**Task prompt:** Please transcribe the data below in full. Omit any picture you find in it.

**Data below:**
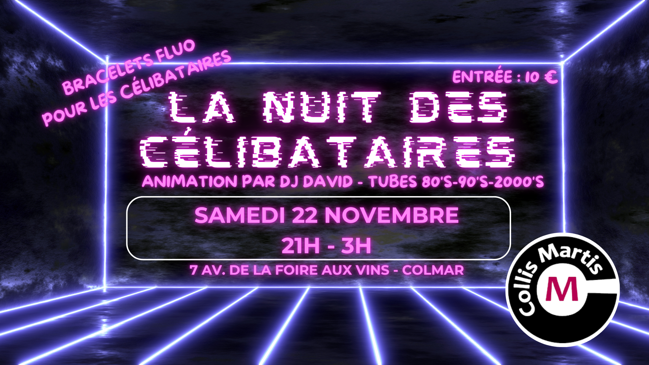 #Colmar #SoiréeFestive #NuitDesCélibataires #Célibataires #CollisMartis #SortirÀColmar #Ambiance80s #DJMarc #SoiréeColmar #Fête
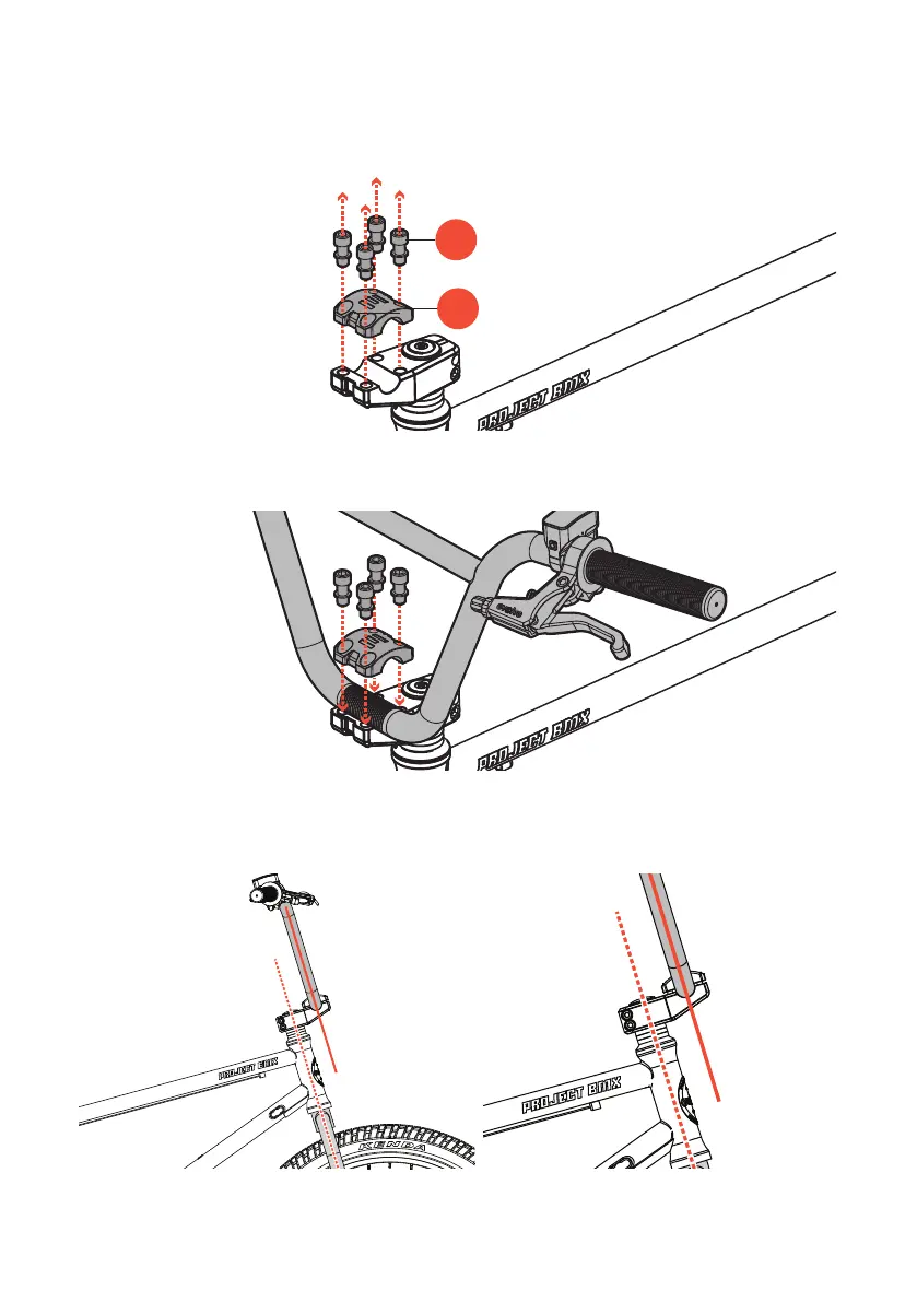 4. Lift the handle bars in place and loosely assemble the Stem Bolts and
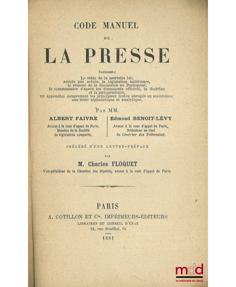 CODE MANUEL DE LA PRESSE, Contenant : Le texte de la nouvelle loi ; article par article, la législation antérieure, le résumé de la discussion au Parlement, le commentaire d’après les documents officiels, la doctrine et la jurisprudence, un appendice comprenant les principaux textes abrogés ou maintenus ; une table alphabétique et analytique, Précédé d’une lettre-Préface par M. Charles Floquet
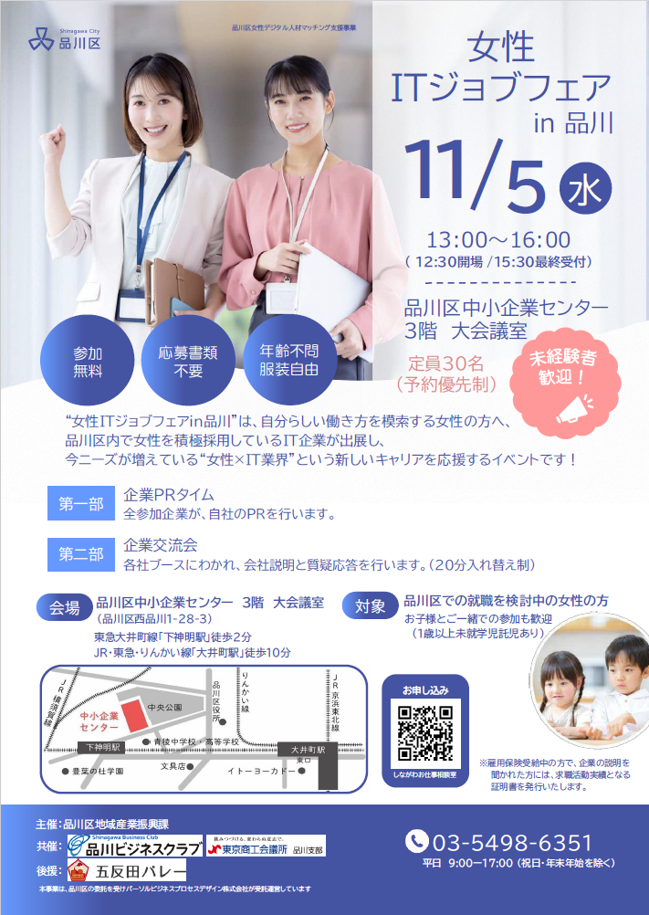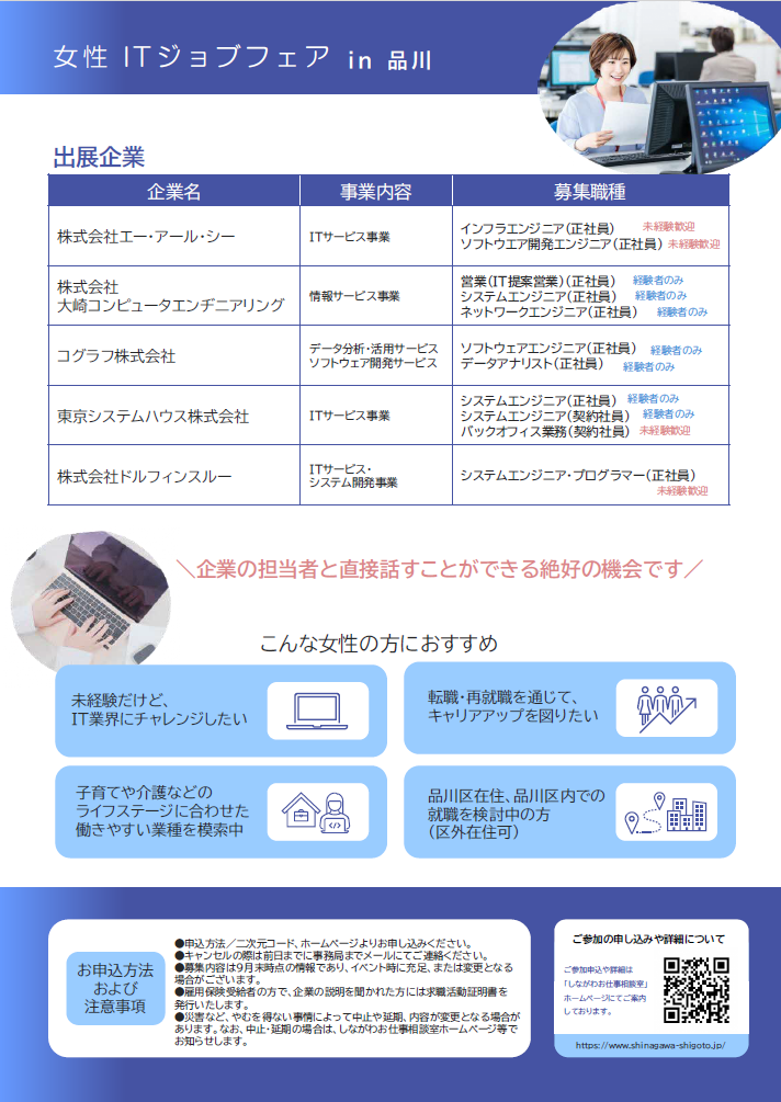 2回目の今回は、品川区内で女性を積極採用しているIT企業と、区内での就業を検討中の女性とのキャリアマッチング交流会を開催します。IT未経験者も大歓迎ですので、ぜひ実際に働いている社員の方からお話を聞いてみませんか。

**Completed exercise:**
 #Colmar #SoiréeFestive #NuitDesCélibataires #Célibataires #CollisMartis #SortirÀColmar #Ambiance80s #DJMarc #SoiréeColmar #Fête
 4. Lift the handle bars in place and loosely assemble the Stem Bolts and
 CODE MANUEL DE LA PRESSE, Contenant : Le texte de la nouvelle loi ; article par article, la législation antérieure, le résumé de la discussion au Parlement, le commentaire d’après les documents officiels, la doctrine et la jurisprudence, un appendice comprenant les principaux textes abrogés ou maintenus ; une table alphabétique et analytique, Précédé d’une lettre-Préface par M. Charles Floquet
 2回目の今回は、品川区内で女性を積極採用しているIT企業と、区内での就業を検討中の女性とのキャリアマッチング交流会を開催します。IT未経験者も大歓迎ですので、ぜひ実際に働いている社員の方からお話を聞いてみませんか。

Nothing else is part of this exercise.